§ **Task requirements**:
Pictures appear among the records below and must be omitted. Repeat exactly the lines from the line with "- Null Key 및" to the line with "Batidor de 8", both included.

§ **Records**:

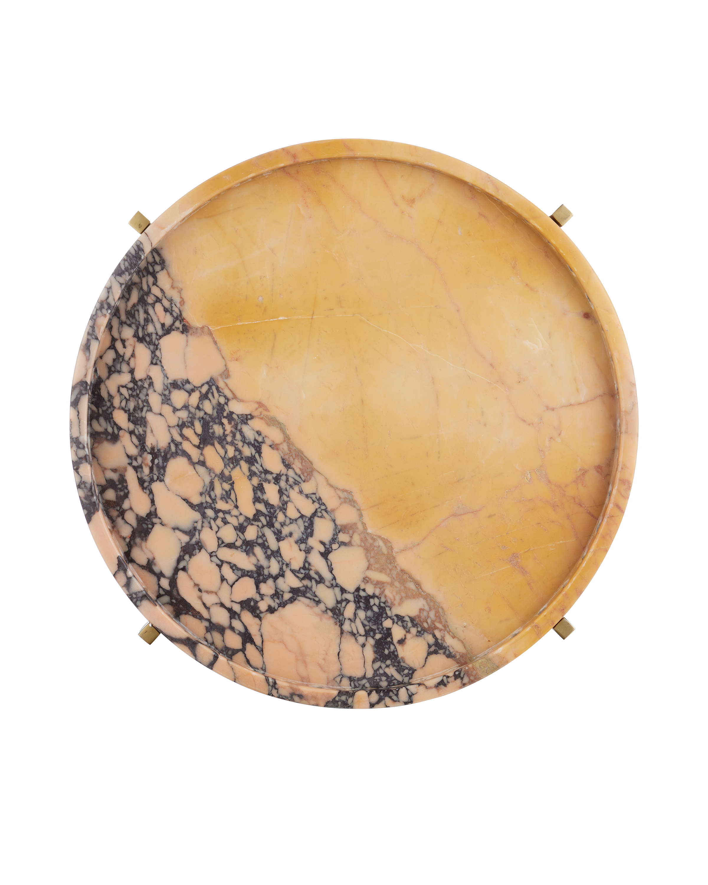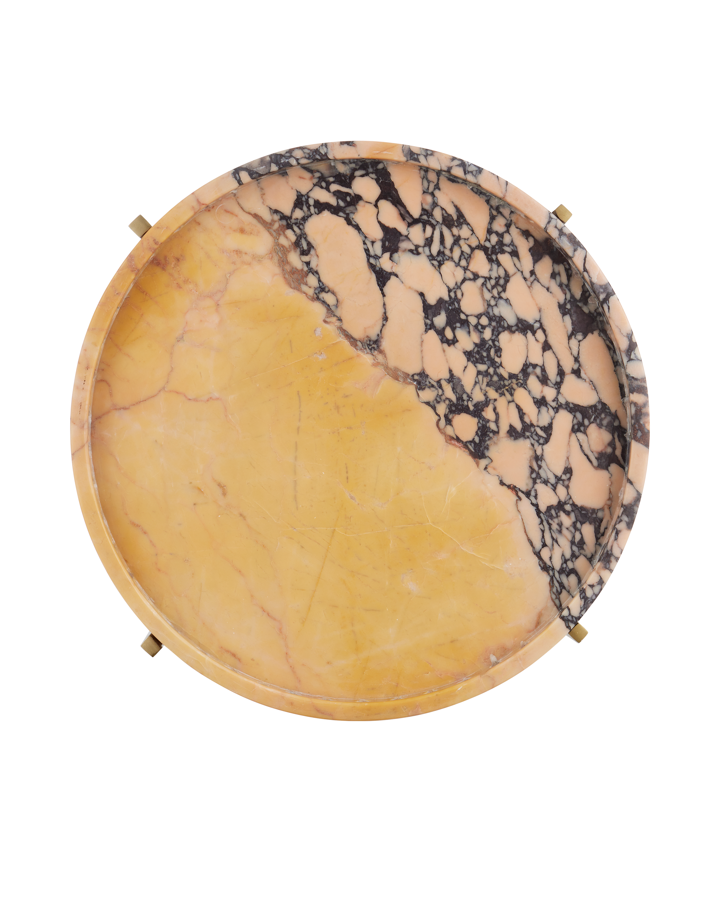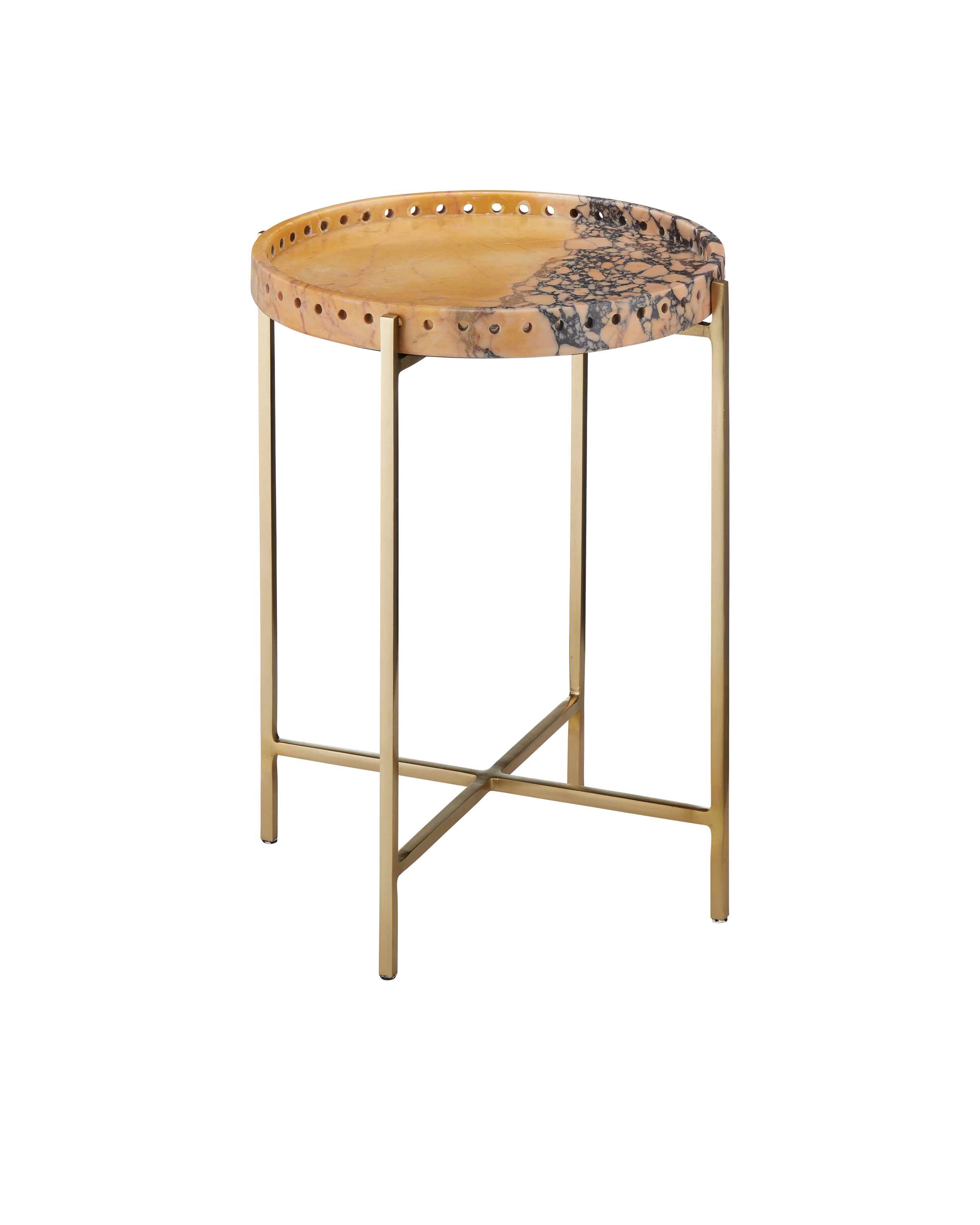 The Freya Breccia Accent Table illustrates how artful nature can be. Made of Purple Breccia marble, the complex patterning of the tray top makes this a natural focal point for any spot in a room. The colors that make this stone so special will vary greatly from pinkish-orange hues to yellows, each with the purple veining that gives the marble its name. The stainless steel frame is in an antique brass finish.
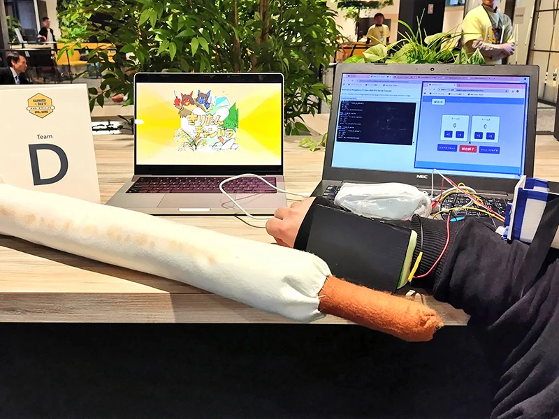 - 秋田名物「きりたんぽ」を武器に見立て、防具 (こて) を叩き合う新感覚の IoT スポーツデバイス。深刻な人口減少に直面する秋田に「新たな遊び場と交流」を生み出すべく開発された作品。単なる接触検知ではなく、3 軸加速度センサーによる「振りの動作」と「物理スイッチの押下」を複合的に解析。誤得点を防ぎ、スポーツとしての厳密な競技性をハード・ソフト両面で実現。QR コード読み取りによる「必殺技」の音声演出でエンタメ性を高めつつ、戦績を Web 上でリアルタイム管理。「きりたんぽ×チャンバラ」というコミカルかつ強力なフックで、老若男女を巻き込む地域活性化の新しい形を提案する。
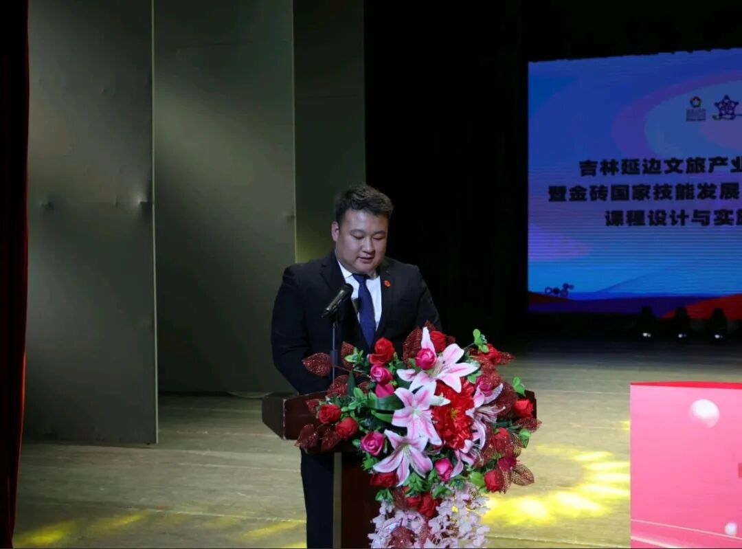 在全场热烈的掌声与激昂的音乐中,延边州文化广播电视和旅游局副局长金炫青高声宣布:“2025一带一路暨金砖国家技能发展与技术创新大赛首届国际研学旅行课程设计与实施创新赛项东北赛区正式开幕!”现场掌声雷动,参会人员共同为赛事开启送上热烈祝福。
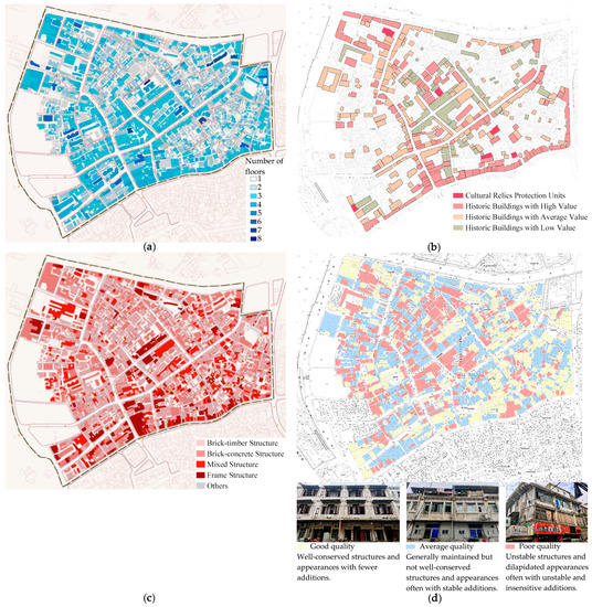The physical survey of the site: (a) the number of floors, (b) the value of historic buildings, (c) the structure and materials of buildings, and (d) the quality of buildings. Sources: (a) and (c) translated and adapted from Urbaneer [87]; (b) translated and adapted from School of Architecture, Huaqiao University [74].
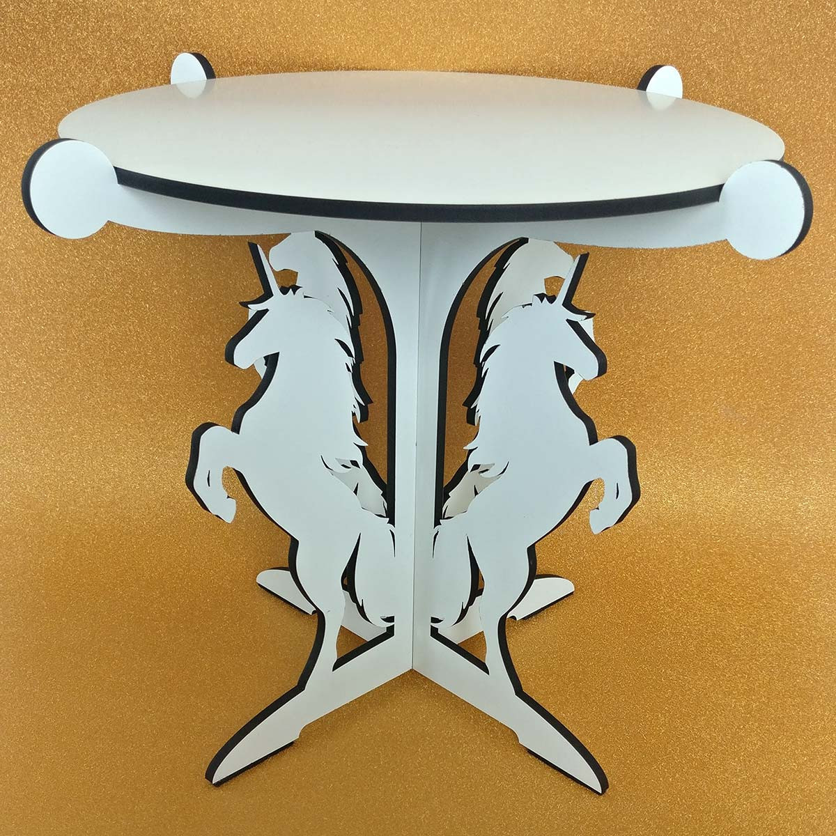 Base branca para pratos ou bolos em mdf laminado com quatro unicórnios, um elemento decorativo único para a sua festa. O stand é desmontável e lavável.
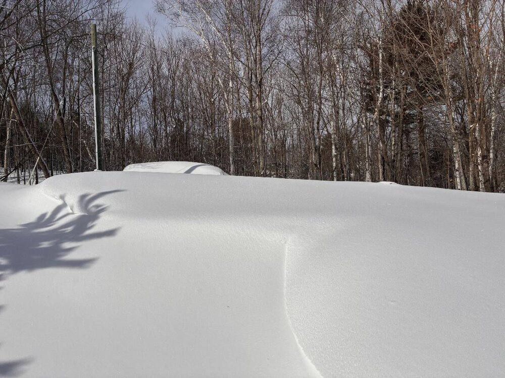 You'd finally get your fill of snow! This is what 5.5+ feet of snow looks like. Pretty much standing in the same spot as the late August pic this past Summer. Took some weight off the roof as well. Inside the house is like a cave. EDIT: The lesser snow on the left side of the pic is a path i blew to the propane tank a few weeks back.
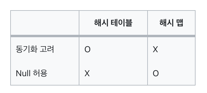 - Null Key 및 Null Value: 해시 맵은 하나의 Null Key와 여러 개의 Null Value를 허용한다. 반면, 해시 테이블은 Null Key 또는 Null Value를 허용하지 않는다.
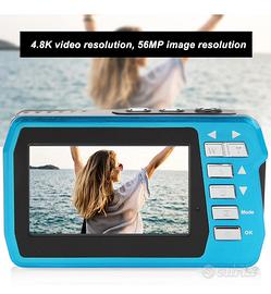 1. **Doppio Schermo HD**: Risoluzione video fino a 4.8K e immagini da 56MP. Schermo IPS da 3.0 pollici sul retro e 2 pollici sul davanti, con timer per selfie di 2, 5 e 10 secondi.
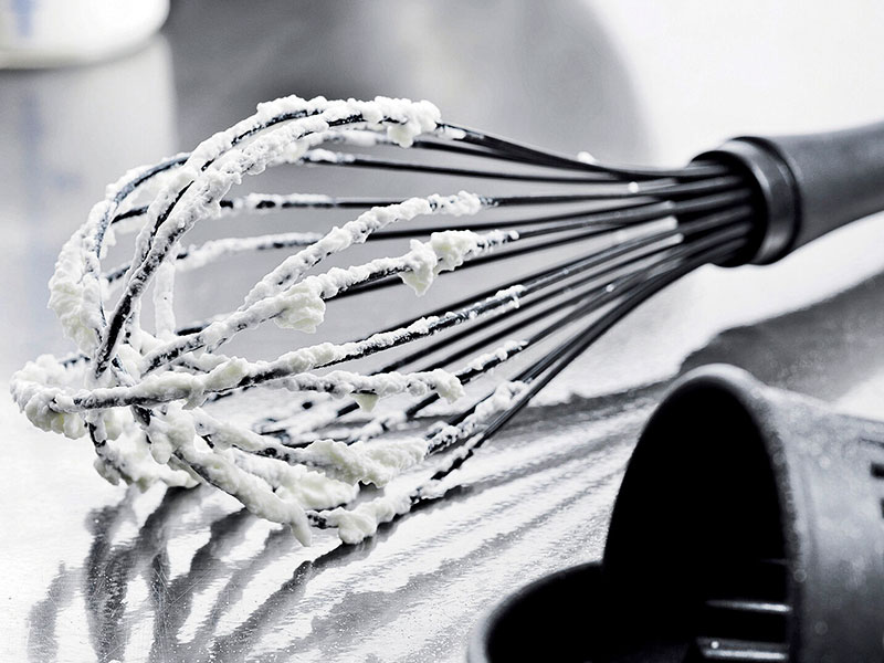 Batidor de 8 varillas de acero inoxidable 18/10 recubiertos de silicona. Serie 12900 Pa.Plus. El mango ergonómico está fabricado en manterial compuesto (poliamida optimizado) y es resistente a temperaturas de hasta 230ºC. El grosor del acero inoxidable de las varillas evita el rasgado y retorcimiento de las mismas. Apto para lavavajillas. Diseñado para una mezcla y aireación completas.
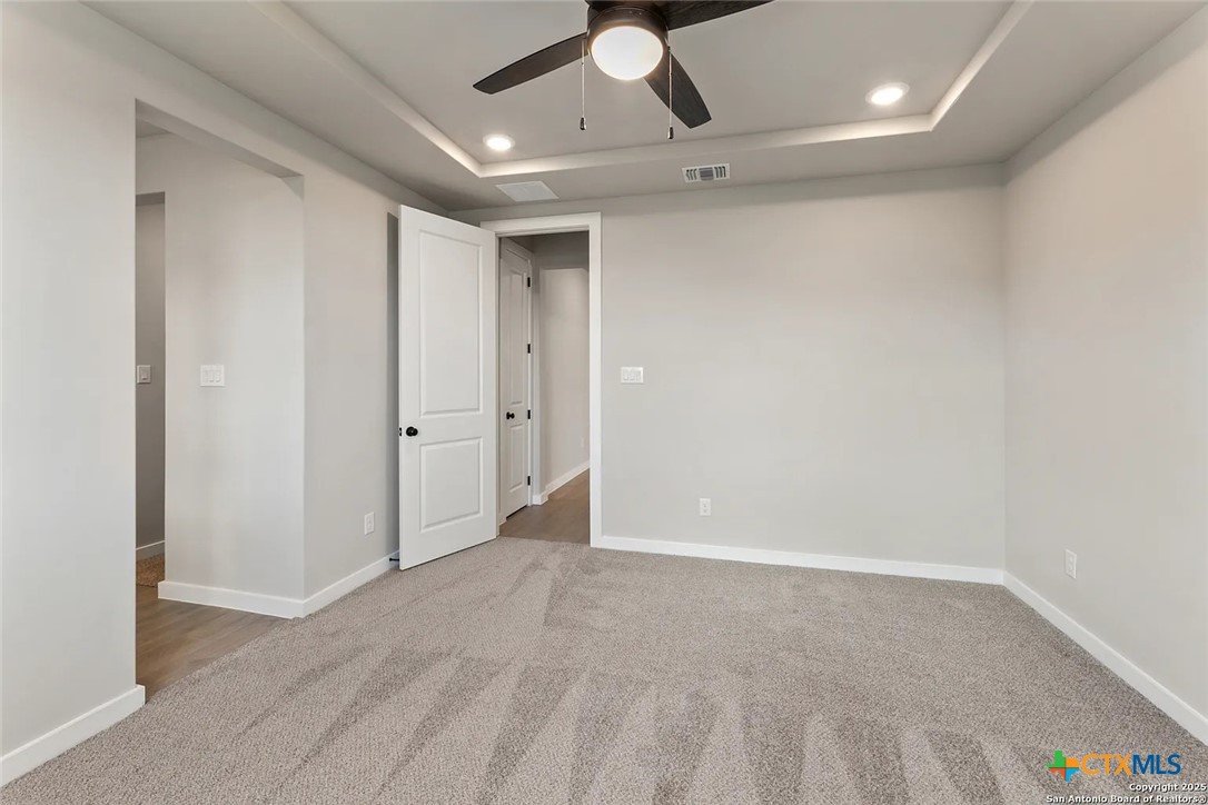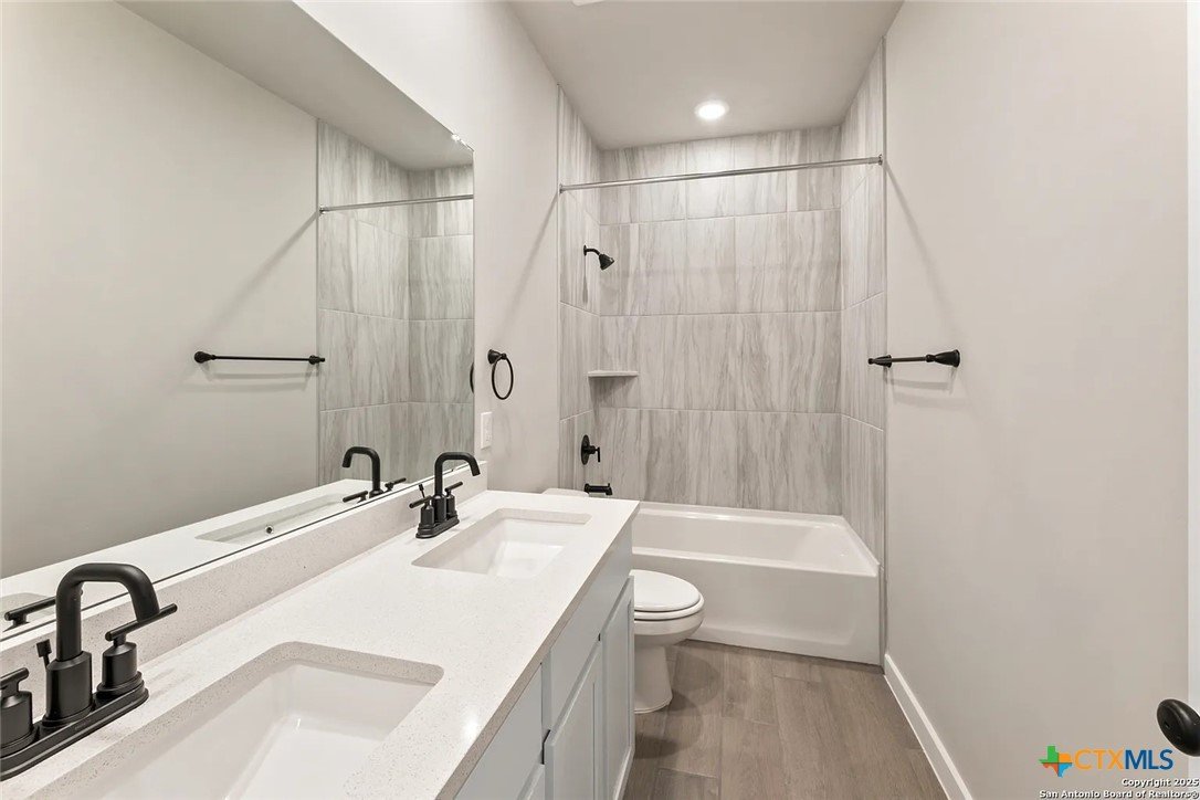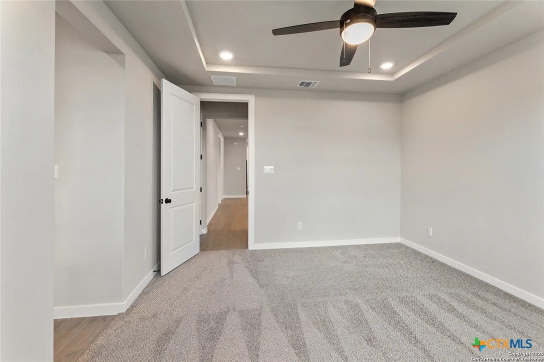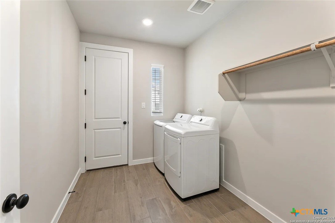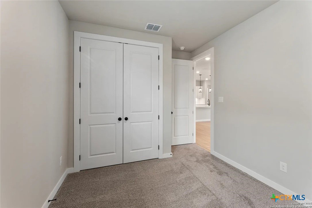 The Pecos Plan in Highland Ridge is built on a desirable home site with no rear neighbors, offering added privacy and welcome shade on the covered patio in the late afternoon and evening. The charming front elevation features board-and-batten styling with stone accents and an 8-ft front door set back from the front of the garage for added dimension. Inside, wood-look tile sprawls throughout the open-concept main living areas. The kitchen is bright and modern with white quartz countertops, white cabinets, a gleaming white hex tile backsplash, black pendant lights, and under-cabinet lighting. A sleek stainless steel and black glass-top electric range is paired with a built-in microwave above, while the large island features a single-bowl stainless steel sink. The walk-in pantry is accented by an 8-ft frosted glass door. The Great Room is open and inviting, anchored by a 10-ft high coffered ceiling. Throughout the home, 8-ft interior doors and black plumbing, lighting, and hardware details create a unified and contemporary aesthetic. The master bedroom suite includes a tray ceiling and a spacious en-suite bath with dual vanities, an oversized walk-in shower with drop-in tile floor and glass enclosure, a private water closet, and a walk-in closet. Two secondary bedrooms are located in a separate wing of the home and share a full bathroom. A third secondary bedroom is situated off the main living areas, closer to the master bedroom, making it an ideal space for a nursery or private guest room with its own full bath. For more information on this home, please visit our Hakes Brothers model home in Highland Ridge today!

§ **Expected output**:
 - Null Key 및 Null Value: 해시 맵은 하나의 Null Key와 여러 개의 Null Value를 허용한다. 반면, 해시 테이블은 Null Key 또는 Null Value를 허용하지 않는다.
 1. **Doppio Schermo HD**: Risoluzione video fino a 4.8K e immagini da 56MP. Schermo IPS da 3.0 pollici sul retro e 2 pollici sul davanti, con timer per selfie di 2, 5 e 10 secondi.
 Batidor de 8 varillas de acero inoxidable 18/10 recubiertos de silicona. Serie 12900 Pa.Plus. El mango ergonómico está fabricado en manterial compuesto (poliamida optimizado) y es resistente a temperaturas de hasta 230ºC. El grosor del acero inoxidable de las varillas evita el rasgado y retorcimiento de las mismas. Apto para lavavajillas. Diseñado para una mezcla y aireación completas.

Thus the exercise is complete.